Линдси наклоняется назад и что-то говорит, однако из-за гула голосов ничего не разобрать. Затем она удаляется, пробираясь сквозь толпу. Я оборачиваюсь, но Элоди и Элли тоже исчезли; внезапно мое сердце начинает колотиться, а ладони зудеть.
Недавно мне приснился кошмар: я стою посреди огромной толпы, и меня толкают то влево, то вправо. Лица кажутся знакомыми, но странно перекошены: мимо проходит девушка, похожая на Линдси; ее рот стекает вниз, словно тает. Никто не узнает меня.
Конечно, находиться в доме Кента не то же самое, ведь я знаю почти всех, кроме нескольких одиннадцатиклассниц и пары девчонок, которые, возможно, учатся в десятом классе. Но все же этого хватает, чтобы я немного встревожилась.
И даже почти отчаялась. Может, подойти к Эмме Хаузер, как ни противно общаться с подобным убожеством? Внезапно я ощущаю крепкое объятие и запах мелиссы. Роб!
Он слюнявит мне ухо.
— Красотка Сэмми! Где ты была всю мою жизнь?
Я оглядываюсь. Его лицо ярко-красное.
— Ты напился, — укоряю я его, хотя и не собиралась.
Он безуспешно пытается поднять одну бровь.
— Совсем чуть-чуть. А ты опоздала. — Он лениво усмехается уголком рта. — Мы тут пили вверх ногами.
— Мы не опоздали, — возражаю я. — Еще только десять часов. И вообще, я звонила тебе.
Роб хлопает себя по куртке и карманам.
— Наверное, куда-то задевал телефон.
Я закатываю глаза.
— Негодник.
— Мне нравится, когда ты старомодно выражаешься.
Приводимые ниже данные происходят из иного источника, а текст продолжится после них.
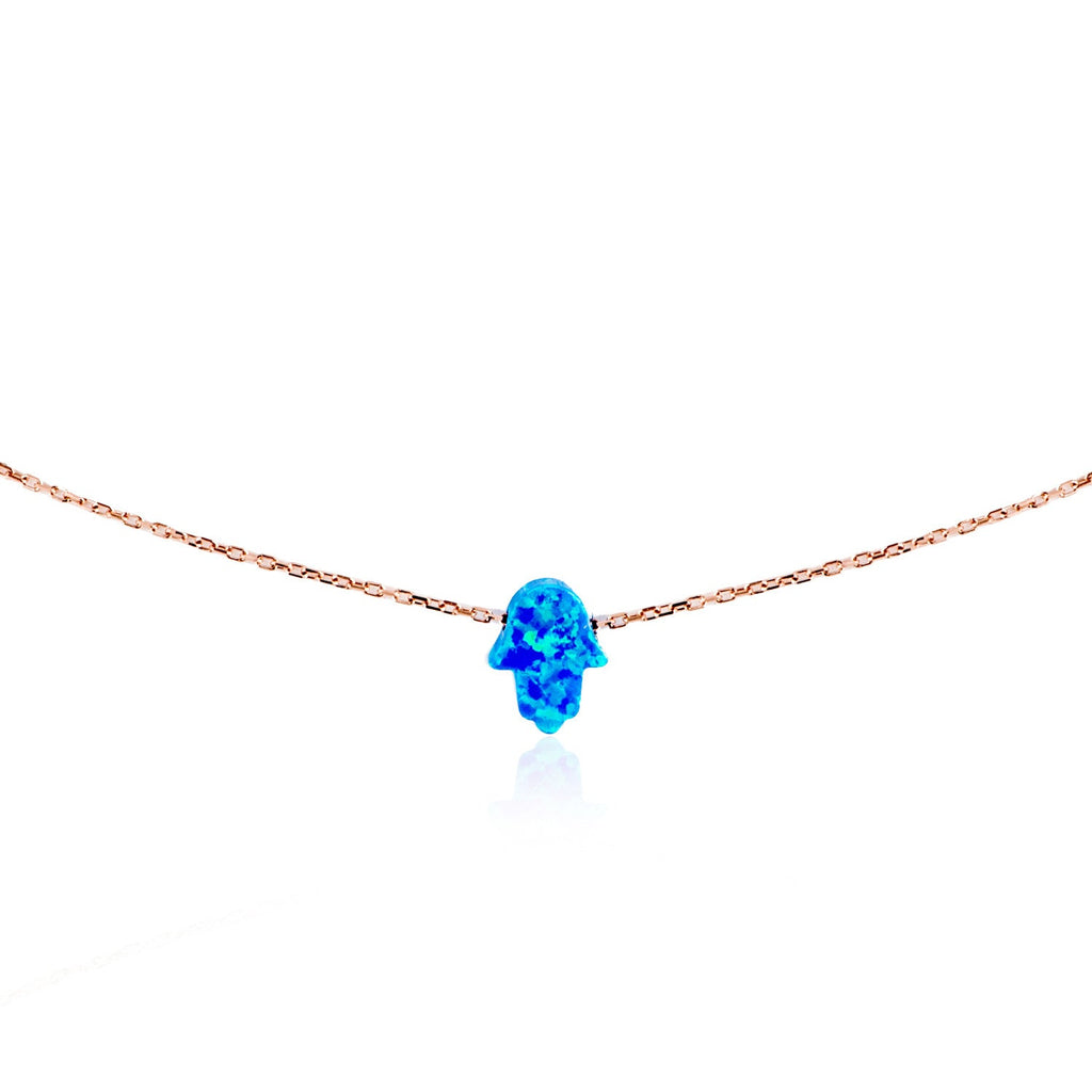 Experience elegance and mysticism with our Rose Gold Plated Silver Chain Necklace, featuring a blue Opal Hamsa pendant. Adjustable for comfort, this 42 cm chain with a 4 cm extension adds sophistication and symbolism to any outfit.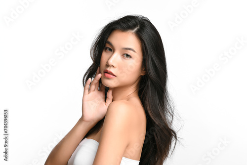 Beautiful young asian woman with clean fresh skin on white background, Face care, Facial treatment, Cosmetology, beauty and spa, Asian women portrait.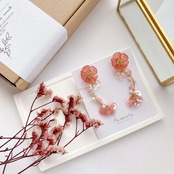 不滅の幸運を象徴する小さな白珊瑚とピンクの梅の花がかわいい春らしいイヤリングです。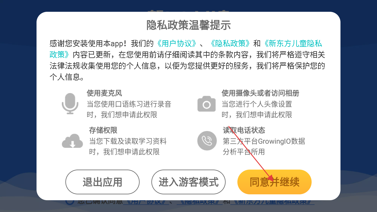 1、打开应用,在隐私政策温馨提示页面,点击【同意并继续】按钮,进入登录界面。

Второй уголок его рта медленно ползет вверх, и мне ясно, что он собирается меня поцеловать. Я отворачиваюсь и ищу глазами подруг, но их и след простыл.
В углу я замечаю Кента в галстуке и рубашке на три размера больше, заправленной в поношенные брюки-хаки. Хорошо хоть котелок не напялил. Кент болтает с Фиби Райфер, они над чем-то смеются. Мне неприятно, что он до сих пор меня не увидел. Отчасти я надеюсь, что он поднимет глаза и бросится ко мне, как обычно, но он только склоняется к Фиби, наверное, чтобы лучше ее слышать.
— Побудем еще часок, ладно? — Роб притягивает меня к себе. — И уедем.
Когда он целует меня, его дыхание пахнет пивом и немного сигаретами. Я закрываю глаза и вспоминаю, как в шестом классе застукала его целующимся с Габби Хэйнес и так возревновала, что два дня не могла есть. Интересно, со стороны кажется, что мне нравится с ним целоваться? По Габби казалось.
Размышления о том, как забавна жизнь, успокаивают меня.
Я даже не успела снять куртку. Роб расстегивает молнию, обнимает меня за талию и лезет под топик. Его ладони большие и потные.
Отстранившись, я успеваю сказать:
— Не здесь же, перед всеми.
— Никто не смотрит, — говорит он, снова притягивая меня к себе.
Это неправда. Ему известно, что все смотрят на нас. Он видит это. Он даже глаза не закрыл.
Его ладони гладят мой живот, пальцы теребят косточки лифчика. Он не особо ловко управляется с лифчиками. Да и с грудями тоже, если на то пошло. В смысле, я, конечно, не в курсе, чего ожидать, но он просто мнет сиськи по кругу. Мой гинеколог делает то же самое на осмотре, так что один из них явно не прав. И вряд ли гинеколог.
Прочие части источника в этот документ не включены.